Mentre le aziende invadono piano piano tutte le città d’Italia. a Milano, Torino e Bologna i fattorini si stanno organizzando in reti di lotta. A Milano i lavoratori in mobilitazione fino ad ora non hanno avuto nessuna apertura al dialogo da parte dall’azienda. L’ultima mobilitazione si è svolta il primo dicembre scorso davanti alla sede milanese di Deliveroo. La risposta dell’azienda è stata la chiusura dello sportello rider, l’unica occasione in cui i lavoratori possono incontrare fisicamente l’azienda.

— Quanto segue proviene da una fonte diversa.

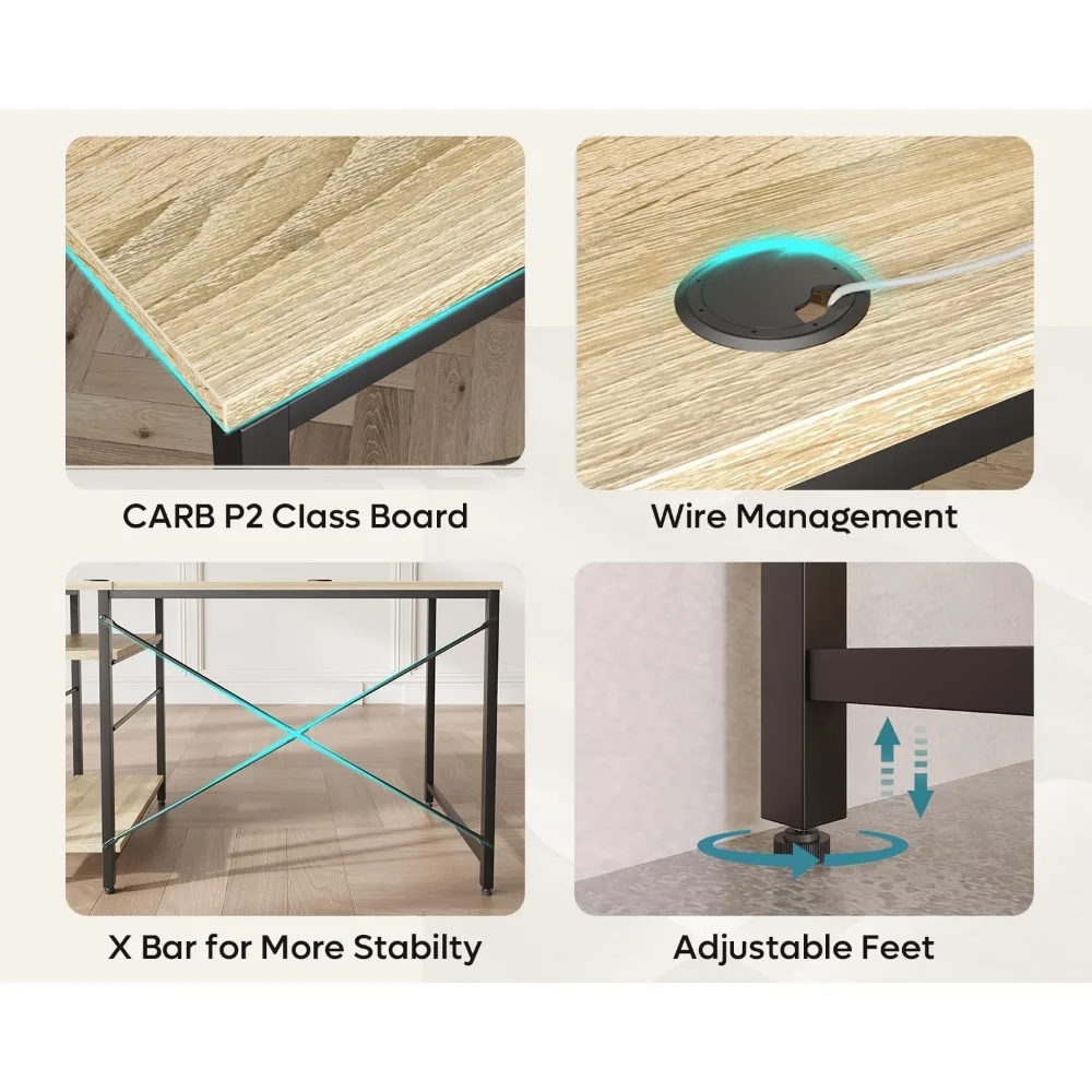 - Sturdy Build: Crafted of metal frame and P2 Class Wood certified by CARB, the office computer desk functions very stable for long time use.

Tutte le mobilitazioni di questi mesi sono state fatte dovendo sempre coprirsi il viso con una maschera per evitare ritorsioni. Chi lavora con Foodora o Deliveroo viene riconosciuto con nome e cognome e per il volto. L’assenza di un rapporto fisico con l’azienda però lascia “liberi” lavoratori di denunciare le pesanti condizioni di lavoro con i loro corpi e con le loro voci. «Dall’Europa però ci arrivano buona notizie: in Belgio sono riusciti ad ottenere la paga minima oraria» ci dice speranzoso Samuel. Una conquista messa a rischio da una defiscalizzazione voluta dal governo che ha portato i rider ad organizzare la protesta anche a Bruxelles.